| SQ(1) | User Commands | SQ(1) |
NAME
sq decrypt - Decrypt a message
SYNOPSIS
sq decrypt [OPTIONS] FILE
DESCRIPTION
Decrypt a message.
Decrypt a message using either supplied keys, or by prompting for a password. If message tampering is detected, an error is returned. See below for details.

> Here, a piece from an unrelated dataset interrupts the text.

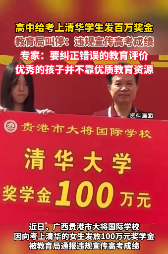 日前,广西贵港一女生考上清华大学,所在高中学校奖励其100万元奖学金。近日,贵港市教育局一则内部通报显示将该校的重金奖励行为定性为违规宣传高考成绩。

If certificates are supplied using the `--signer-file` option, any signatures that are found are checked using these certificates. Verification is only successful if there is no bad signature, and the number of successfully verified signatures reaches the threshold configured with the `--signatures` parameter.
If the signature verification fails, or if message tampering is detected, the program terminates with an exit status indicating failure. and the output file is deleted. If the output was sent to stdout, then the last 25 MiB of the message are withheld (consequently, if the message is smaller than 25 MiB, no output is produced).
The converse operation is `sq encrypt`.
OPTIONS
Subcommand options
- --dump-session-key
- Print the session key to stderr
- --output=FILE
- Write to FILE or stdout if omitted
- [default: -]
- --recipient-file=KEY_FILE
- Decrypt the message using the key in KEY_FILE
- --session-key=SESSION-KEY
- Decrypt an encrypted message using SESSION-KEY
- --signatures=N
- Set the threshold of valid signatures to N
- The message will only be considered verified if this threshold is reached. [default: 1 if at least one signer cert file is given, 0 otherwise]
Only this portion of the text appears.